## WHAT TO PRODUCE
Would you repeat the data below exactly, taking out the images?

## THE DATA

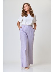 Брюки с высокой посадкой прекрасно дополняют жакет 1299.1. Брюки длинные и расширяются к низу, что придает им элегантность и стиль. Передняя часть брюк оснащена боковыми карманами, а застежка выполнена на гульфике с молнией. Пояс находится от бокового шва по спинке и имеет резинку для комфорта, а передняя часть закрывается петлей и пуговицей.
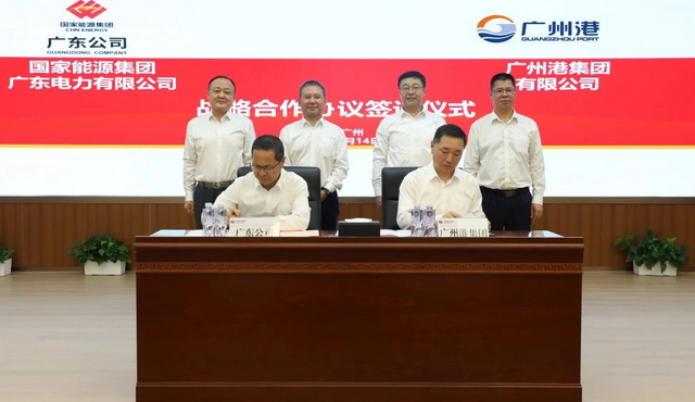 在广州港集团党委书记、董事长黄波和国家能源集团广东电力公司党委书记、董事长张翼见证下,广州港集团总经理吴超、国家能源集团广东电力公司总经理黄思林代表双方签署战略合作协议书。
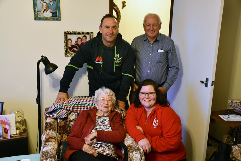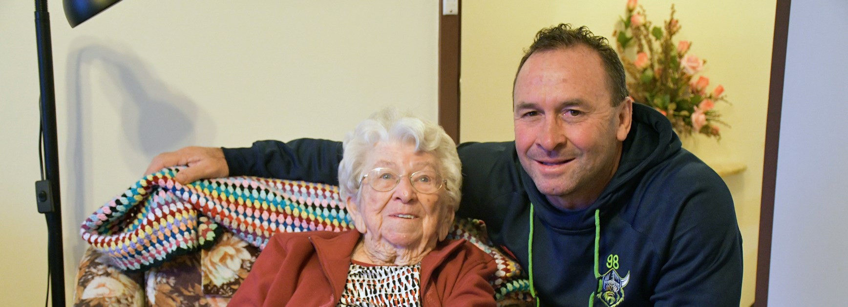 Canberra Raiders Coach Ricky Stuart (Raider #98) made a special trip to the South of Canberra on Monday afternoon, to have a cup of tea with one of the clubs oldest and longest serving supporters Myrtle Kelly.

## SOLUTION FOR THIS PROBLEM
 Брюки с высокой посадкой прекрасно дополняют жакет 1299.1. Брюки длинные и расширяются к низу, что придает им элегантность и стиль. Передняя часть брюк оснащена боковыми карманами, а застежка выполнена на гульфике с молнией. Пояс находится от бокового шва по спинке и имеет резинку для комфорта, а передняя часть закрывается петлей и пуговицей.
 在广州港集团党委书记、董事长黄波和国家能源集团广东电力公司党委书记、董事长张翼见证下,广州港集团总经理吴超、国家能源集团广东电力公司总经理黄思林代表双方签署战略合作协议书。
 Canberra Raiders Coach Ricky Stuart (Raider #98) made a special trip to the South of Canberra on Monday afternoon, to have a cup of tea with one of the clubs oldest and longest serving supporters Myrtle Kelly.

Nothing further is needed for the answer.